Last week I enabled HTMLMinifier as a post-build step for server-rendered content here on this blog. Basically, after a page is rendered in Django, it's sent to a Celery queue that does things to the index.html
file. The first thing it does its that it extracts the stylesheets and replaces them with a block of inline CSS. More details in this blog post. Secondly, what the background job does it that it sends the index.html
file to node_modules/.bin/html-minifier
. See the code here.
What that does is that it removes quotation marks where not needed (e.g. <div id=foo>
instead of <div id="foo">
), removes HTML comments, and lastly removes whitespace that is not needed. The result is that the HTML now looks like this:
I also added a line of logging that spits out a measurement of the size of the HTML size before, before with gzip, after, and after with gzip. Why? Because the optimization of HTML minification is usually insignificant after you gzip. See this blog post about how insignificant space optimization is in comparison to gzip. Look at the sample log lines:
... Minified before: 38,249 bytes (11,150 gzipped), After: 36,098 bytes (10,875 gzipped), Shaving 2,151 bytes (275 gzipped) Minified before: 37,698 bytes (10,534 gzipped), After: 35,622 bytes (10,243 gzipped), Shaving 2,076 bytes (291 gzipped) Minified before: 58,846 bytes (14,623 gzipped), After: 55,540 bytes (14,313 gzipped), Shaving 3,306 bytes (310 gzipped) ...
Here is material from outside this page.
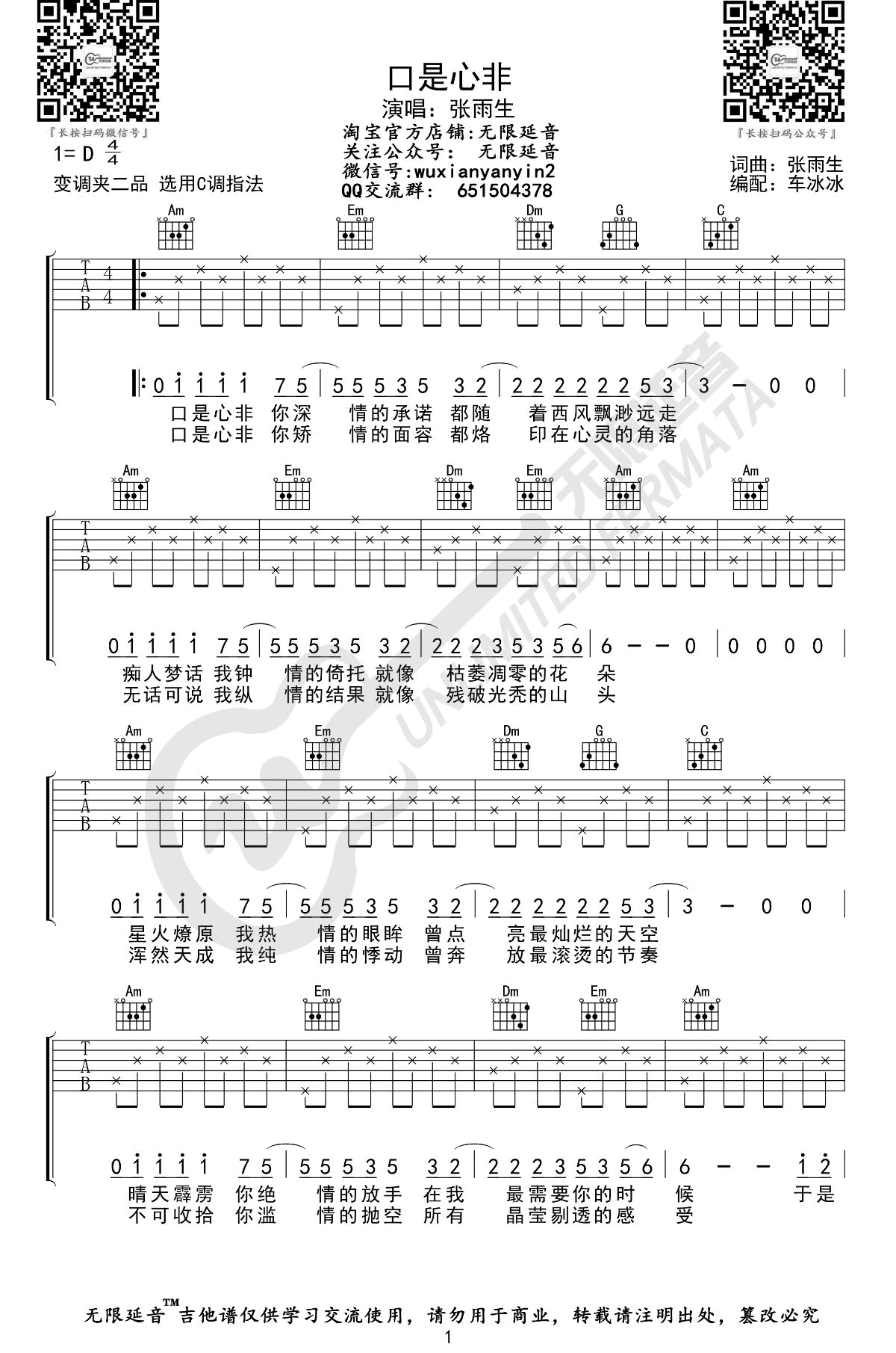 口是心非吉他谱,张雨生的一首摇滚风格的经典绝唱,因翻唱再次火爆网络。口是心非吉他六线谱,原调D选调C,变调夹夹二品,这是张雨生的最后一张专辑的主打歌,爱恨交错人消瘦,一字一句中间都潜藏着敏感而浓烈的情感,唱出了那种言不由衷,爱情和爱人不由人努力就能把握的伤感和无奈。...

So this last one saved 3.2KB of HTML document which isn't a sneeze, but since 99% of clients support gzip, it actually only saved 310 bytes. As a matter of fact, I parsed the log lines and calculated the average and it was saving 338 bytes per page.
Worth it? I doubt it. It's not without risks and now it's slightly harder and weirder to view the source. However 338 bytes multiplied by the total number of visitors per month, I estimate to save a total of 161 MB of data less to be sent.
Comments
I'm doing the same but with https://pypi.org/project/django-staticinline/ and https://pypi.org/project/django-htmlmin/.
Interesting! What do you think of it? In particular, what do you think of django-htmlmin? I see that it's a mix of beautifulsoup4 and html5lib. Has it been solid?
I'm quite hesitant towards tools that are called "django-" because HTML minification should just be you and your HTML.
I noticed there's another project called https://github.com/mankyd/htmlmin which you'd think django-htmlmin wraps but that's not the case. Have you tried this one?
Ah, it works fine so far. I haven't put much effort into research but I checked that the minifier doesn't strip linebreaks within pre and textare tags.
I like the idea of the npm minifier that it also removes quotes to really squeeze the last byte out out of it, but the overhead in this deployment wouldn't be worth for me. I like that django-htmlmin is a simple middleware so I can run it before my full page cache kicks in.